We'll get to Jim in a bit, it skipped.

Down at the far end, Diana McIver from Texas.

John Erickson from Maryland and Palm Beach, a legal resident of Palm Beach.

Rita Poundstone from Colorado.

And Steve Protulis, who is the head of the -- what do you call it, EHDOC -- the sponsoring corporation for Robert Sharp Towers, who is also a resident here in Florida, although we tend to think of him from Washington, D.C., but that's another story.

We are very fortunate as a Commission.

Virtually, all of our Commission members have had some real knowledge and experience of this field. Some of us are providers of housing like the Robert Sharp Homes.

Others are providers of privately sponsored housing.

Others are developers. Some are in the private sector, some are non-profits, some are of the government.

But we are all, all concerned about the problems that are ahead for this country and committed to finding solutions that we can recommend to Congress at the end of June when our report is due. So again, we're looking for solutions.

We've already received a major research report from Dr. Steve Golant of the University of Florida. That report's findings confirm and even exceed the numbers, the numbers that we have heard over many years about the burgeoning population of elders.

But they document for the first time who those elders are. You should know close to one-half, very close to half of Americans over 62 have incomes that match the incomes of the lowest quarter of Americans.

Half of elders have incomes that match the incomes of the lowest quarter of incomes in the United States.

So, seniors, the myth that seniors as a whole are rich and able to take care of themselves, the numbers don't hold that out. The numbers suggest that we have a problem.

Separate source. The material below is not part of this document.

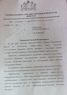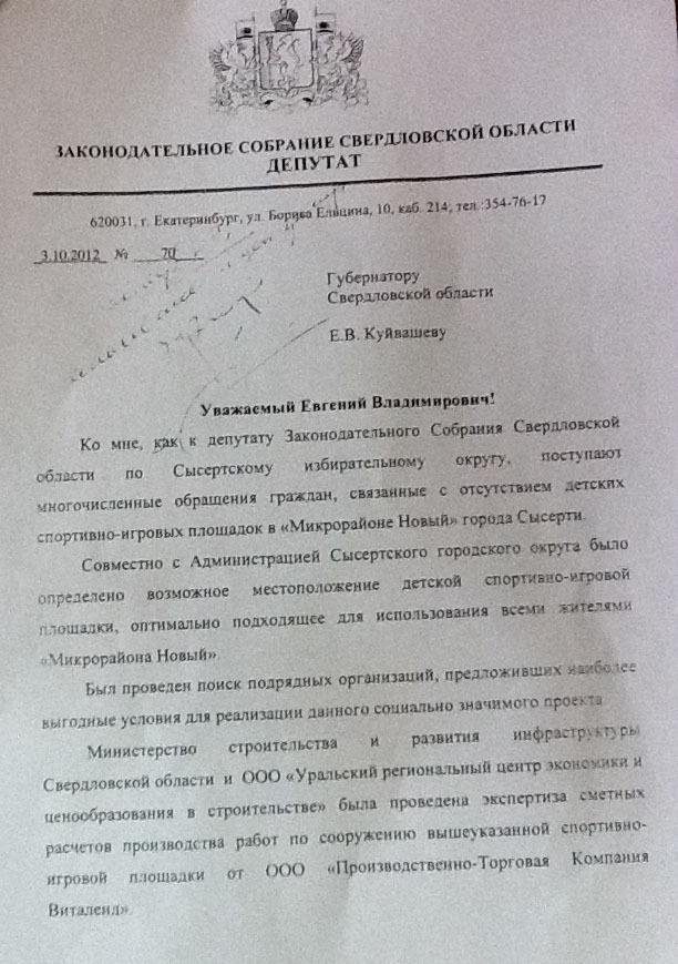 08 октября 2012 г. объем финансирования строительства детской площадки в мкр. Новый, 23 согласно сметной стоимости был согласован с Губернатором Свердловской области Куйвашевым Е.В., которым было дано поручение Председателю правительства Паслеру Д.В. о выделении средств.

Over a sixth of America's elders have very serious housing needs that don't have anything to do with income, that they are simply living in bad housing, inadequate housing, housing that does not meet their needs.

That's just for starters. The information that Dr. Golant and presented to us will, we think, form a very stark case for the recommendations of the Commission.

Now, I personally have a mantra about housing, about where you live. All of the other programs, your health programs, your prescription drugs programs, your mental health programs, they don't mean anything if you don't have a decent place to live.

The basic, basic thing that all of us need and particularly all other people need, is a decent place to live. That's the basis on which everything else gets built. So I feel passionately about the work of this Commission and the importance of its results.

That is the beginning point for our work. Now, I would like at this point to acknowledge any public officials who may have joined us that I don't know about.

Okay. Ken has promised me that if anybody comes in that should be introduced to you -- who just raised their hand? Oh, please.

CYNTHIA STAFFORD: (Inaudible.) CO-CHAIRPERSON FEINGOLD: I am so pleased to have you. Thank you so much. What's your name?


CO-CHAIRPERSON FEINGOLD: Hi, Cynthia. Thank you for coming.

Anybody else?

This was a representative of Congressman of Carrie Meek who was unable to be here. Her name is Cynthia Stafford.

And for the audience, we are transcribing this entire hearing, but if you don't have a microphone, they can't hear. So we'll have to repeat or you can come to a mike. Okay.

Now, I'd like to start off with our keynote speaker, who has joined us all the way from, if you can believe it, the opposite corner of the United States: Alaska.

We are joined by Keith Campbell of Seward, Alaska, who is a member and Chair of the AARP Board of Governors. He was elected to serve in this role from the year 2000 to 2002, and he has a long and illustrious history with AARP as a leader in their health issues team, their state legislative committees and a whole range of things involved with the health of seniors.

He also chaired the Alaska state legislative committee. Before he retired in 1990, he was the administrator and CEO of Seward General Hospital for nineteen years. And before that, it turns that out that, you know, Alaska's a place like Florida, most people in Alaska came from somewhere else.

Keith came from Iowa where he was the Administrator of Peoples Memorial Hospital in Independence. Please join me in welcoming Keith Campbell, and we look forward to hearing your remarks, Keith.